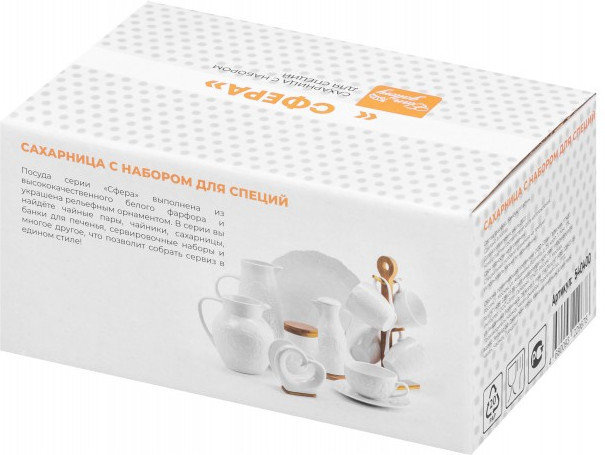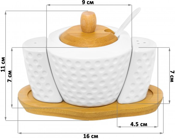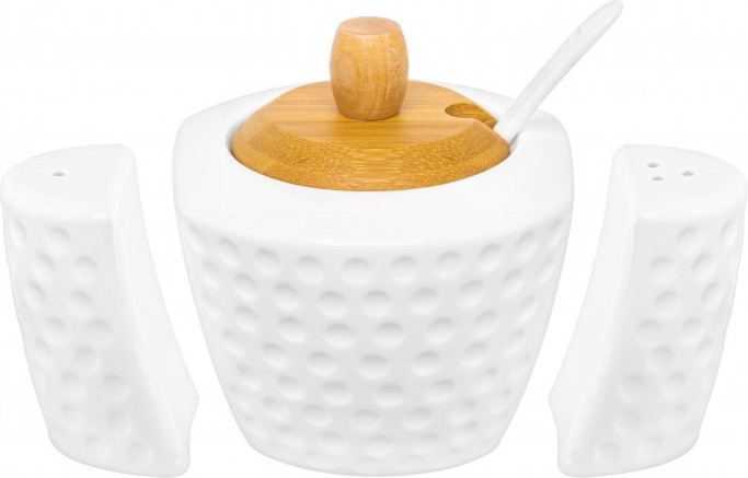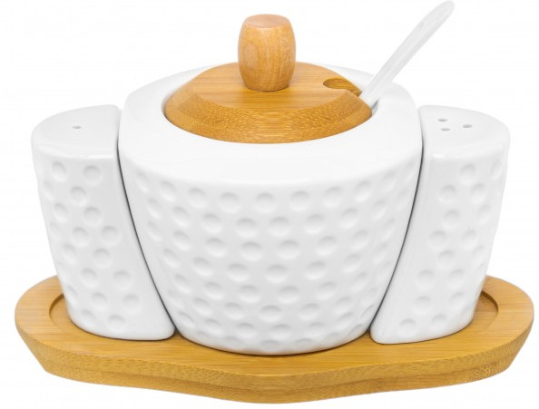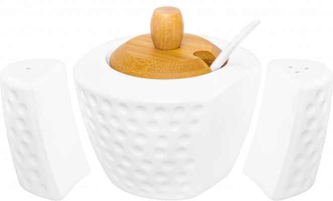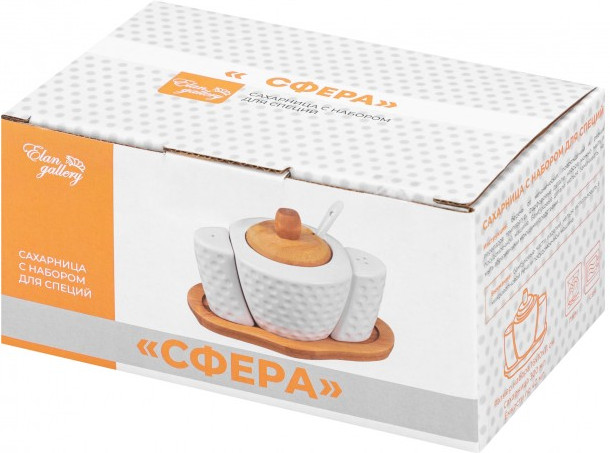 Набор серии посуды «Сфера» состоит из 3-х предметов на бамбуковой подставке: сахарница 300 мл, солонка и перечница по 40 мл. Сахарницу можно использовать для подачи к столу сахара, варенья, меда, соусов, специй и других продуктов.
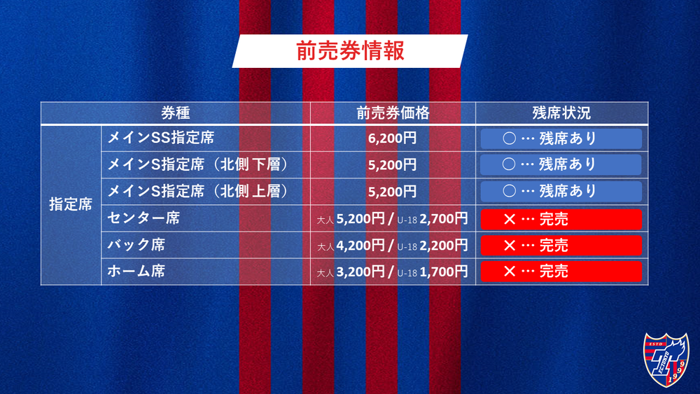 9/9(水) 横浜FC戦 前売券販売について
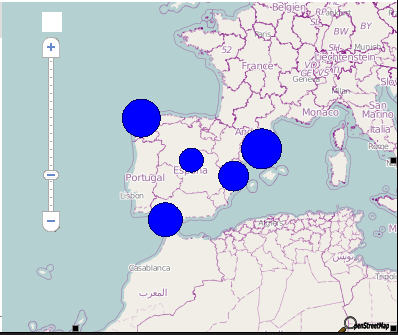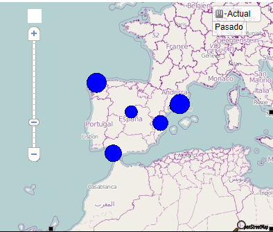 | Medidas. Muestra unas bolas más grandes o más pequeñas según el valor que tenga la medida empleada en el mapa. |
--
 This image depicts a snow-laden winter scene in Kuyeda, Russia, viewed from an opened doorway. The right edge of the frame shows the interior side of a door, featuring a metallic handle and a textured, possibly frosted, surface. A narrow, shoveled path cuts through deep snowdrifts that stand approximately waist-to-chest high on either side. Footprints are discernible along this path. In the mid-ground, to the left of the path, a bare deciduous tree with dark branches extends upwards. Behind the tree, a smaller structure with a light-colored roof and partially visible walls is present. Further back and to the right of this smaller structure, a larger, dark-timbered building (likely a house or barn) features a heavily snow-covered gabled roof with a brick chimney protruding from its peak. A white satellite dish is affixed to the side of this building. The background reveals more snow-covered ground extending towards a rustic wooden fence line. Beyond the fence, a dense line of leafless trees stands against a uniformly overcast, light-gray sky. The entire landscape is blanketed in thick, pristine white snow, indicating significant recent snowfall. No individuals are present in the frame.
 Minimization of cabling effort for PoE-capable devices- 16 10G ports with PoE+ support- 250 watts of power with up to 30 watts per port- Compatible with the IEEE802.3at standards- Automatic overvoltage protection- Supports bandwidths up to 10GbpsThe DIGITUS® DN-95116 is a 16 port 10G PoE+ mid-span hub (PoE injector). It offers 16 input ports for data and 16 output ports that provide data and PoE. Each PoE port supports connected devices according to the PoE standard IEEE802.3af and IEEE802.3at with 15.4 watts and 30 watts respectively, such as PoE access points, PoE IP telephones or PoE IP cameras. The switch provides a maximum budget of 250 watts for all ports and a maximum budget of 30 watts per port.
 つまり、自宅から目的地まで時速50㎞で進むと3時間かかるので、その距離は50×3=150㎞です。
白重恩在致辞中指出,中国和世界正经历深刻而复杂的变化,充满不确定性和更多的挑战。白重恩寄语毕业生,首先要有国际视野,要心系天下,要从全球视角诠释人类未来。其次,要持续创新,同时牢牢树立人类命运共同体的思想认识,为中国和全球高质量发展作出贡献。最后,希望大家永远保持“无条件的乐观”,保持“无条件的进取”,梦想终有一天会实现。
--
— What to produce —
The output is the stretch above from the line with "Набор серии посуды" through the line with "en el mapa. |", copied word for word with both ends kept and every picture dropped.

— Task response —
 Набор серии посуды «Сфера» состоит из 3-х предметов на бамбуковой подставке: сахарница 300 мл, солонка и перечница по 40 мл. Сахарницу можно использовать для подачи к столу сахара, варенья, меда, соусов, специй и других продуктов.
 9/9(水) 横浜FC戦 前売券販売について
 | Medidas. Muestra unas bolas más grandes o más pequeñas según el valor que tenga la medida empleada en el mapa. |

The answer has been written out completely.